You are on Native Land

Chicago is built through the violent dispossession of Anishinaabe peoples, lifeways and sovereignties. We use the rather ill-fitting term “Native sovereignty” to refer to distinct political and legal orders, including, but not limited to, over 562 current tribal governments in the territories occupied by the United States. However, intellectual and political traditions of Indigenous nations disrupt European definitions of sovereignty and define political life well beyond the nation state and the tribal government form.  Drawing from Anishinaabe political thought, Potawatomi philosopher Kyle Powys Whyte suggests the term “collective continuance” as an expression of Anishinaabe sovereignties and legal orders, which emerge through systematized relationships of reciprocity between human, nonhuman and more-than-human systems. 
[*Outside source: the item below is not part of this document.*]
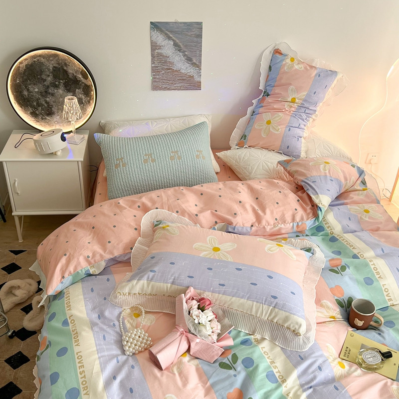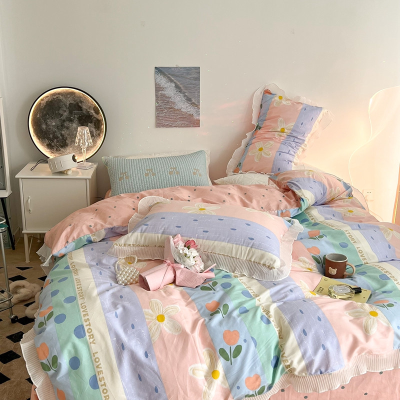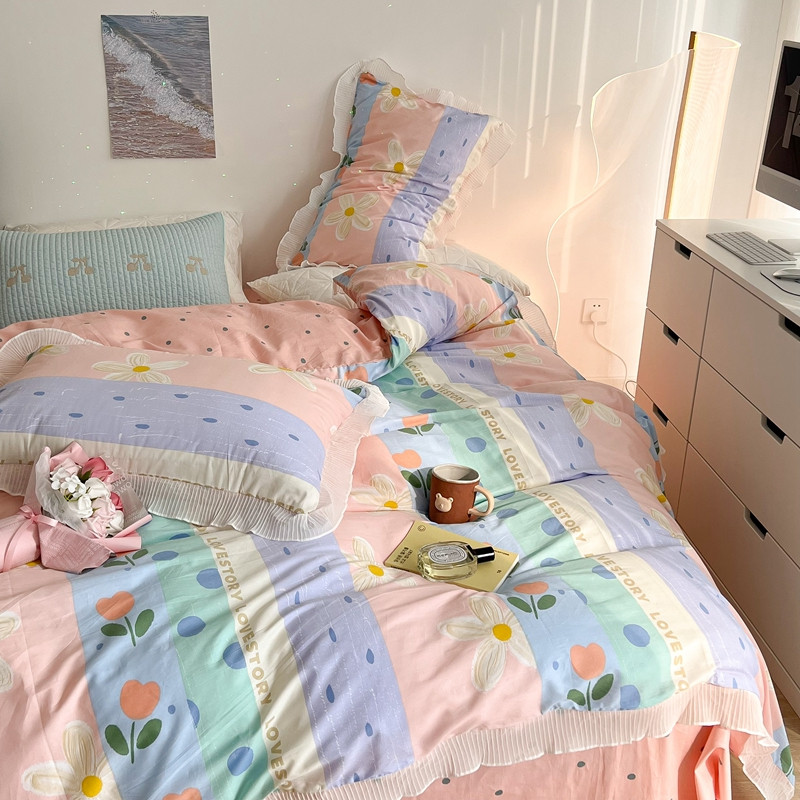 昔可家纺 2022新款13372全棉百褶花边四件套 竖条拼接花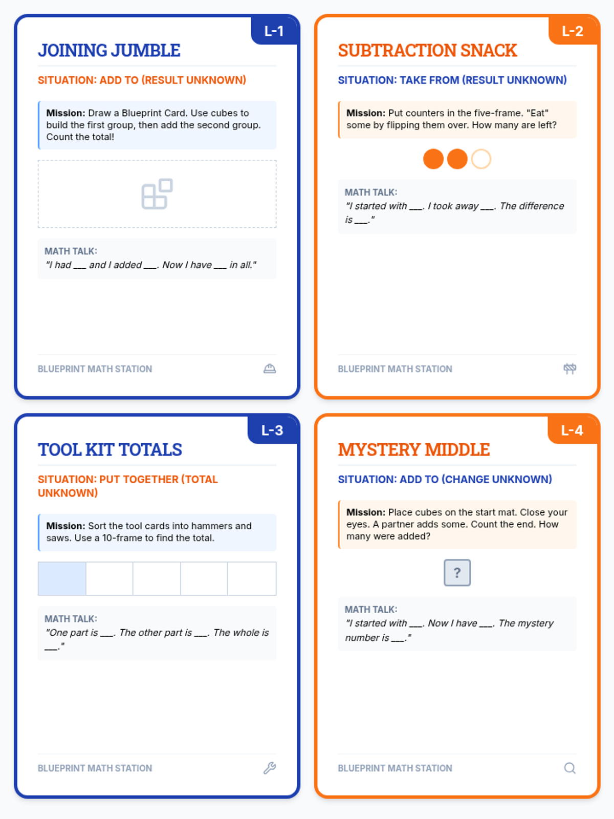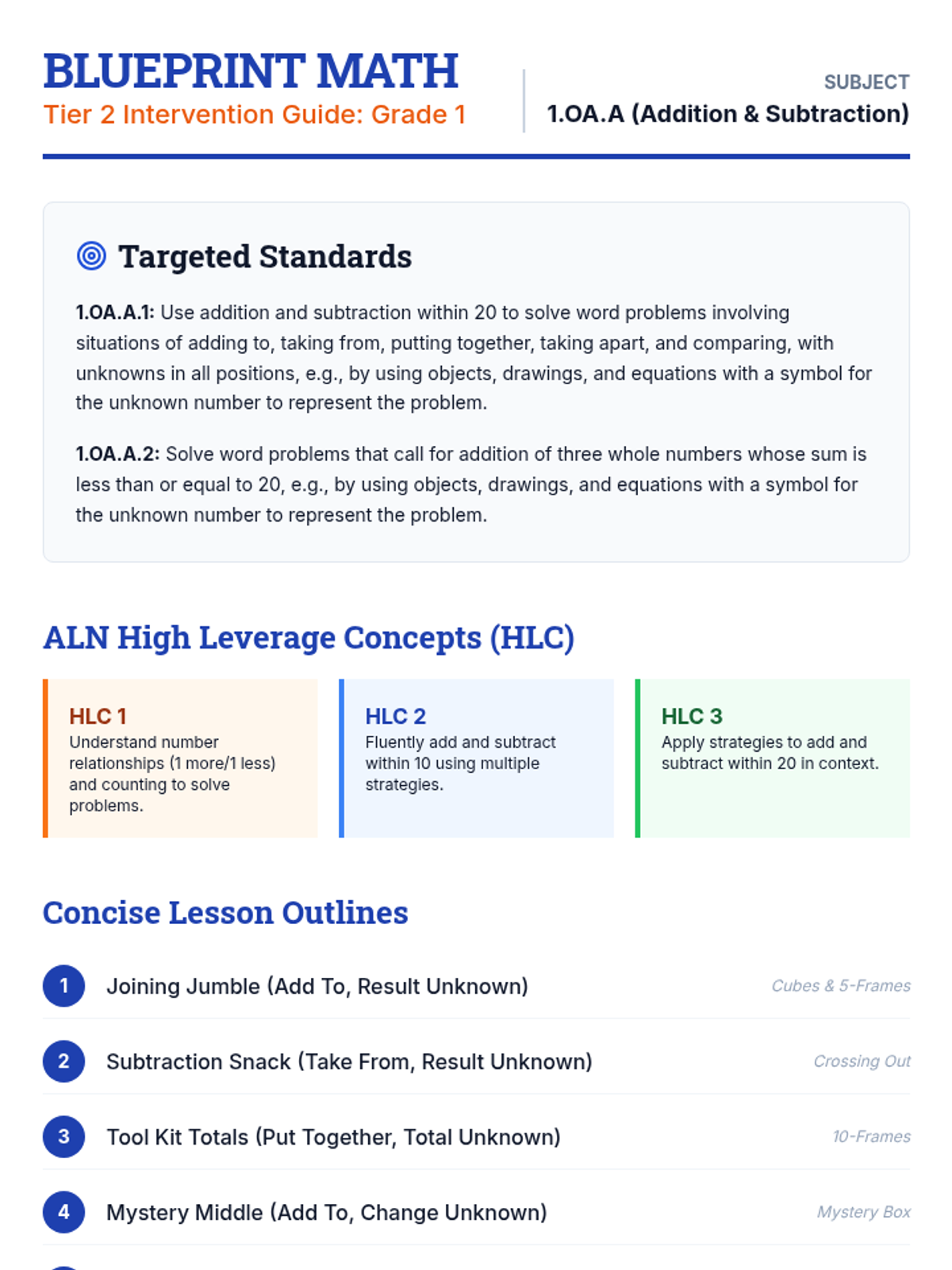 A comprehensive 12-lesson Tier 2 intervention sequence for first-grade students focused on 1.OA.A standards. The sequence utilizes All Learners Network (ALN) High Leverage Concepts and IM methods like five-frames, ten-frames, and tape diagrams to build conceptual understanding of addition and subtraction situations.

Despite the violence of Indian removal, hydraulic engineering and the dismemberment of entire ecosystems, these reciprocities endure in the land. Anishinaabe Akig. You are on Anishinaabe land.

The violent exertion of settler political authority over and against Native land has come to be called Chicago. It  is perpetuated through ongoing violations against the Council of the Three Fires: the Ojibwe, Odawa, and Potawatomi nations as well as the Miami, Ho-Chunk, Menominee, Sac and Fox nations.  It requires ongoing violations against other-than-human and more-than-human entities, and a violent transformation of the land itself. 

About this website

The title of this website is an homage to the analysis of Ojibwa historian Jean O’Brian who demonstrates how settler society attempts to “write Indians out of existence” through processes she called firsting, lasting and replacing. Firsting refers to settlers imagining themselves inaugurating a New world out of an empty place -- through discovery, first arrival and so on. Lasting refers to the ways Native peoples can only be seen in their supposed disappearance. And  "replacing" refers to ways settler society refashions itself as native to place.

This website focuses on Chicago as a territory of ongoing Indigenous dispossession and contestation. We are interested in mapping the triumphant celebrations of genocide and settler invasion through the city's monuments, architecture, urban panning and public art. We want to probe more subtle modalities of Indigenous erasure and settler denial such as inclusion, multiculturalism, creative placemaking and ecosystems governance. We want to disrupt the ways “land acknowledgement” has become a spectacle for propping up the legitimacy of settler institutions while eschewing questions of accountability and restitution. Instead, we insist on a politics of perpetual acknowledgement oriented towards the restitution of Native lands and the reconstitution of Native sovereignties beyond the structures of settler colonialism. 

This website brings together contributions about, against and beyond settler placemaking.  

What's Next

We seek to unmask and unpack the ongoing violence of settler colonialism. We seek to support and uplift the knowledges and practices that continue to assert Chicago as a Native place.